**Records for the task:**
========

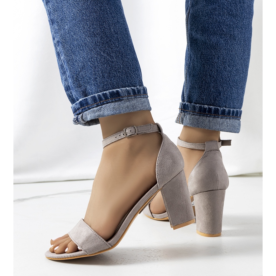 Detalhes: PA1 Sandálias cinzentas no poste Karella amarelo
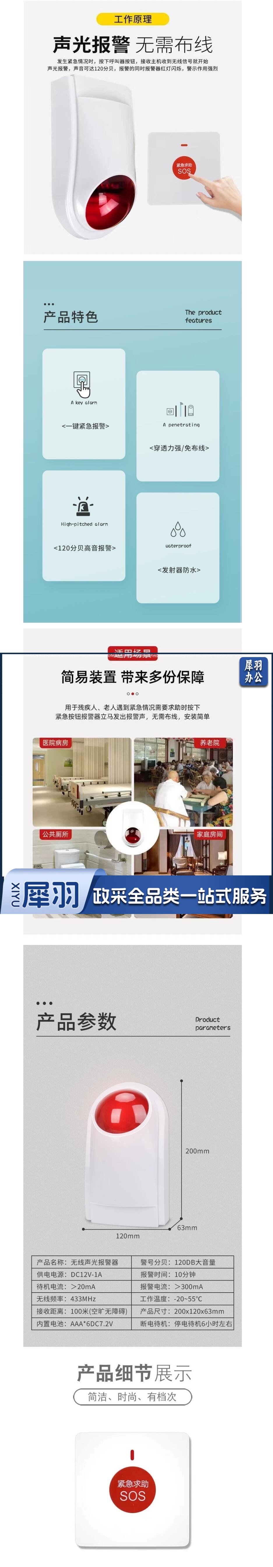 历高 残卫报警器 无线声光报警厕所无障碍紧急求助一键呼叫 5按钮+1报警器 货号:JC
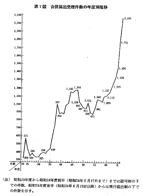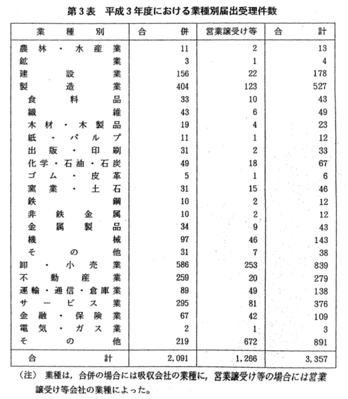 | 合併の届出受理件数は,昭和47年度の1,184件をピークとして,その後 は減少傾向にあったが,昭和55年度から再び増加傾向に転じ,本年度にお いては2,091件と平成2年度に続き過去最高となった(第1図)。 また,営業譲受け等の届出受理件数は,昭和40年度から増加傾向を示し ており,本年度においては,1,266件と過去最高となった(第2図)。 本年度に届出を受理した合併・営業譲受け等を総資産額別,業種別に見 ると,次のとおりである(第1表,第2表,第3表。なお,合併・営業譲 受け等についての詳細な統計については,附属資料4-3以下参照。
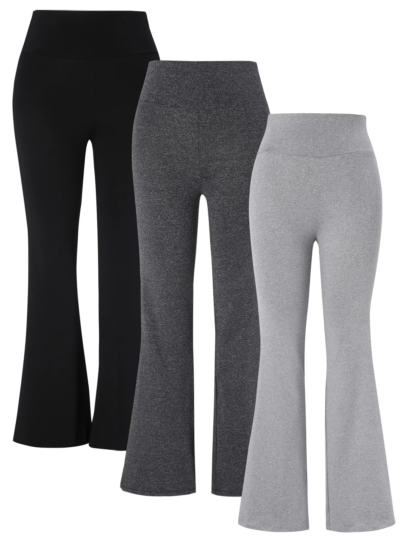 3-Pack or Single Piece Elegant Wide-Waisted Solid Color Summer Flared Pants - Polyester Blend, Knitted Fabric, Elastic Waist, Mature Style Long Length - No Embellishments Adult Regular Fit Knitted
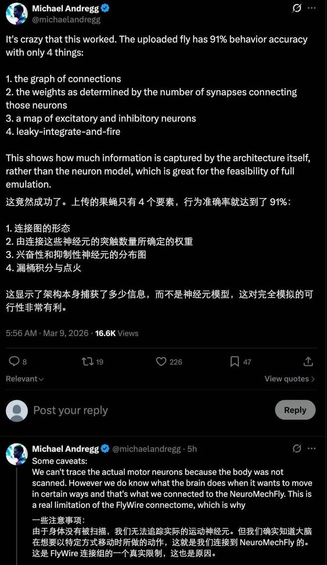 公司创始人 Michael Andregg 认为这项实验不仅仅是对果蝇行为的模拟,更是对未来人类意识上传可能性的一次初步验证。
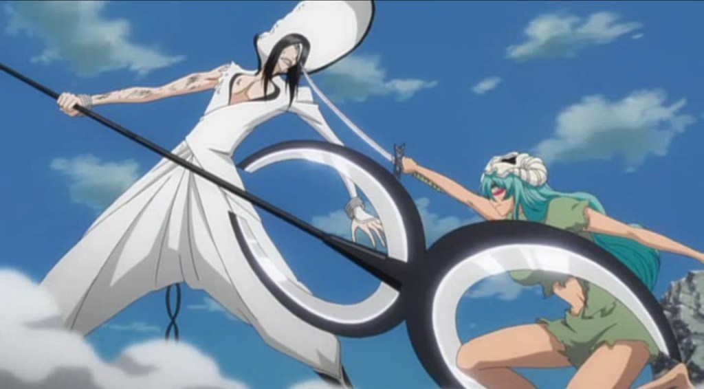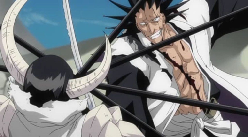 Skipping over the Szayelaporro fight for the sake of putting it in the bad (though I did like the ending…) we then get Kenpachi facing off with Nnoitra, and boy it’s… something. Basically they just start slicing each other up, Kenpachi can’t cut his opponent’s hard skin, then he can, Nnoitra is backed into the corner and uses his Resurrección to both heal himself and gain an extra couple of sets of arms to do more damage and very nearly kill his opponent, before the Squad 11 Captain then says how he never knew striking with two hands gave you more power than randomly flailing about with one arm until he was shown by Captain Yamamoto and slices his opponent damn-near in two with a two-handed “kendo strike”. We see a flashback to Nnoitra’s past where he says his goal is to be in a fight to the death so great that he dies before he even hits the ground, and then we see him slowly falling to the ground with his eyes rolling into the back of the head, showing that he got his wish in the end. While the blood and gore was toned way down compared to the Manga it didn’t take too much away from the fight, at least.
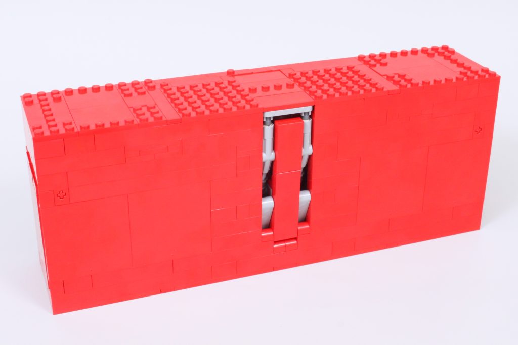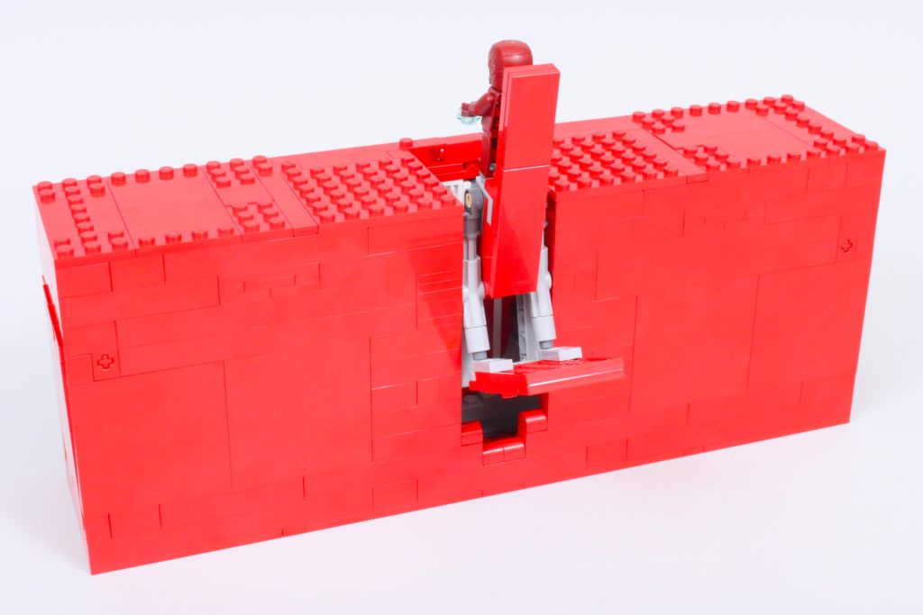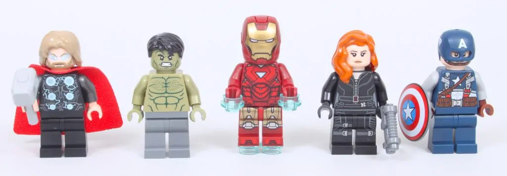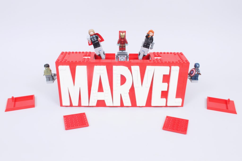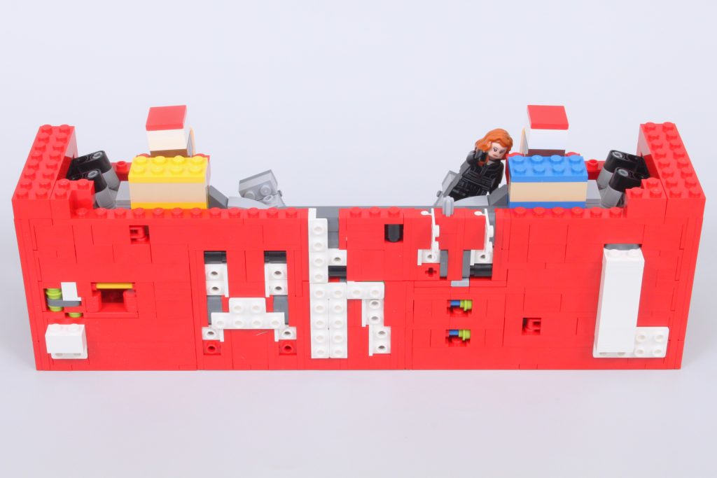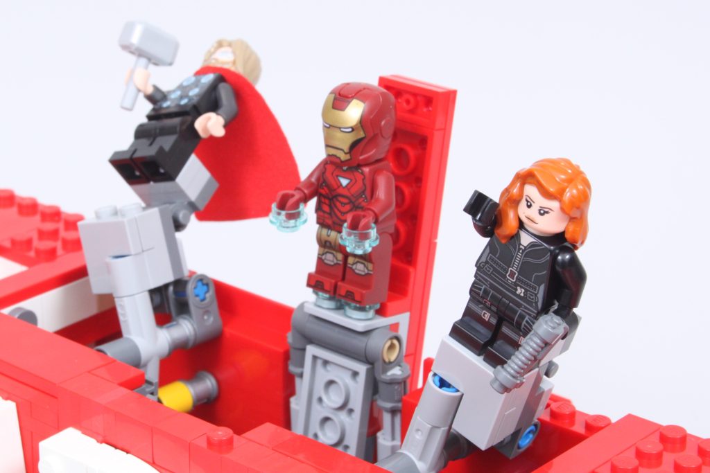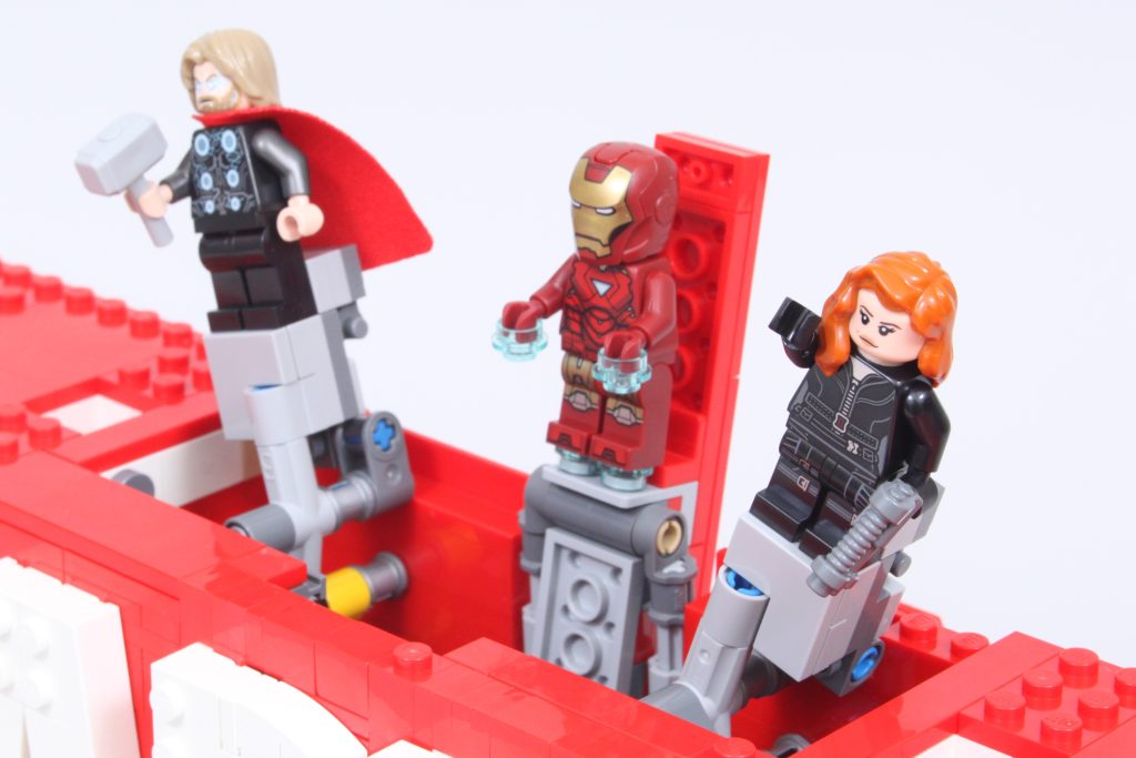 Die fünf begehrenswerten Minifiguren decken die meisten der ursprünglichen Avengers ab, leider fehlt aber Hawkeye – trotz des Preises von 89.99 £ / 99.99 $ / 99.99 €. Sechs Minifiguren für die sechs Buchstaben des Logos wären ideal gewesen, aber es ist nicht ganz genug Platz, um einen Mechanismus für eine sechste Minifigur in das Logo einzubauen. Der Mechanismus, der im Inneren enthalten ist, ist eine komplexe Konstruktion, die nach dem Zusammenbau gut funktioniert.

========

**Task objective:** What you write must match the listing exactly, from the line with "3-Pack or Single" up to and including the line with "公司创始人 Michael Andregg". Pictures stay out.

**Answer space:**
 3-Pack or Single Piece Elegant Wide-Waisted Solid Color Summer Flared Pants - Polyester Blend, Knitted Fabric, Elastic Waist, Mature Style Long Length - No Embellishments Adult Regular Fit Knitted
 公司创始人 Michael Andregg 认为这项实验不仅仅是对果蝇行为的模拟,更是对未来人类意识上传可能性的一次初步验证。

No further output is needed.